Your task -
In the material below, find the line with "当LED照明设备开始工作后,本文设计的智" and the line with "Хотите легко освоить". Output exactly those two lines and all lines between them, leaving out pictures.

Material provided -
--------------------------------------------------

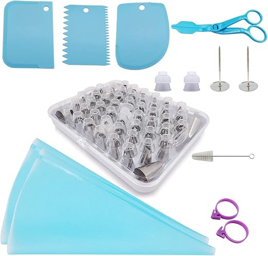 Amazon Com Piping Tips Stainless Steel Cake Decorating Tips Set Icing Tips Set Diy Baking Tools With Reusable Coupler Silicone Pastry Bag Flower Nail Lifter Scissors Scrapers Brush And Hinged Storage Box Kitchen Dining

--------------------------------------------------

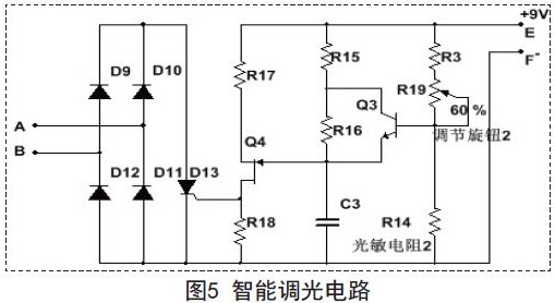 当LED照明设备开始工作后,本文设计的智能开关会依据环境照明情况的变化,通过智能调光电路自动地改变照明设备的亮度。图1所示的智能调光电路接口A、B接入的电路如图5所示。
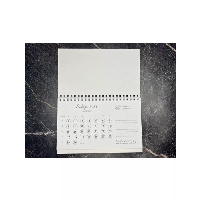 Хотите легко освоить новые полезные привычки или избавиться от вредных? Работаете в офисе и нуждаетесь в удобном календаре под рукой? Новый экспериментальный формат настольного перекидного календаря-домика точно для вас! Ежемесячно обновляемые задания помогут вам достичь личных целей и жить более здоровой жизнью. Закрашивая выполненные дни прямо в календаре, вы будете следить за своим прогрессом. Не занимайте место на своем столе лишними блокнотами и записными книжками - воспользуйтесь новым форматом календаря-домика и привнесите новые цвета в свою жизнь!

--------------------------------------------------

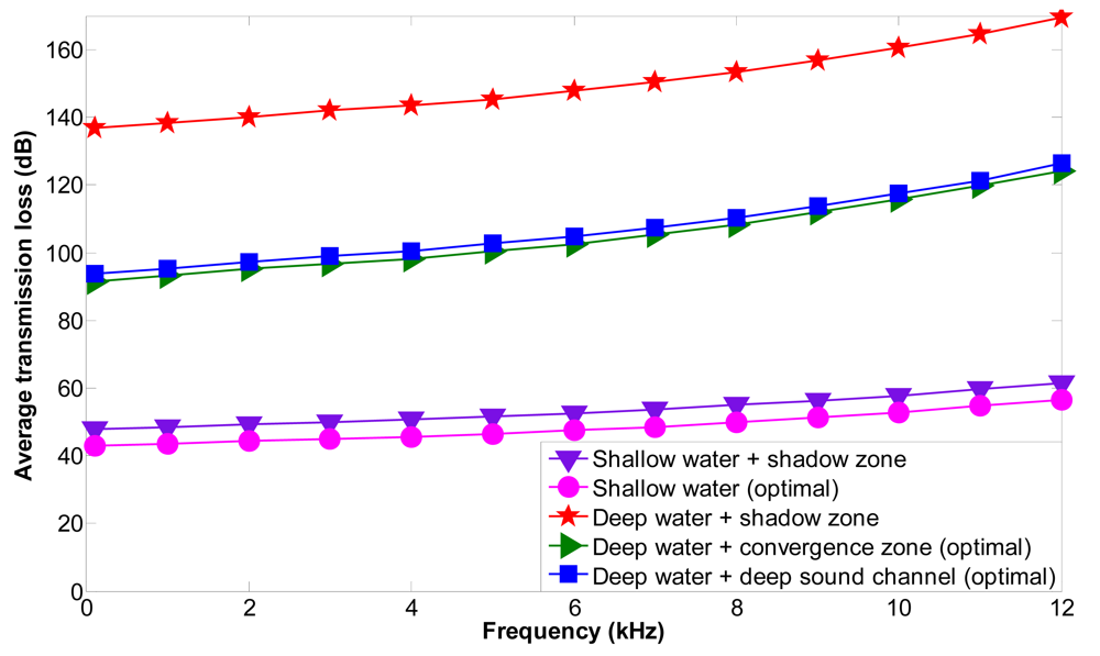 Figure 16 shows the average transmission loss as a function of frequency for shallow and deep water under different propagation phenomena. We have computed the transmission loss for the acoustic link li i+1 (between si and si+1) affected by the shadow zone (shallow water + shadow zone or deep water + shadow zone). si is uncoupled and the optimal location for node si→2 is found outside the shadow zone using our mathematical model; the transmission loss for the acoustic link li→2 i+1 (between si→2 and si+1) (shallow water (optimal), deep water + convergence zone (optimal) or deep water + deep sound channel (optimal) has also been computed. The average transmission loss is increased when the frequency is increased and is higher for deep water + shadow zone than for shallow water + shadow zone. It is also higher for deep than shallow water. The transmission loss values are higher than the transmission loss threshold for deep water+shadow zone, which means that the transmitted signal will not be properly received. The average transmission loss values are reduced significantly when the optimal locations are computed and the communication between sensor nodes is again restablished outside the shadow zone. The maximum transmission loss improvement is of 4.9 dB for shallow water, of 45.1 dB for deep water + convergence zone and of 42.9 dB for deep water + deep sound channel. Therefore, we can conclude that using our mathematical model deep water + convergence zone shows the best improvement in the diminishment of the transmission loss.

--------------------------------------------------

Answer box -
 当LED照明设备开始工作后,本文设计的智能开关会依据环境照明情况的变化,通过智能调光电路自动地改变照明设备的亮度。图1所示的智能调光电路接口A、B接入的电路如图5所示。
 Хотите легко освоить новые полезные привычки или избавиться от вредных? Работаете в офисе и нуждаетесь в удобном календаре под рукой? Новый экспериментальный формат настольного перекидного календаря-домика точно для вас! Ежемесячно обновляемые задания помогут вам достичь личных целей и жить более здоровой жизнью. Закрашивая выполненные дни прямо в календаре, вы будете следить за своим прогрессом. Не занимайте место на своем столе лишними блокнотами и записными книжками - воспользуйтесь новым форматом календаря-домика и привнесите новые цвета в свою жизнь!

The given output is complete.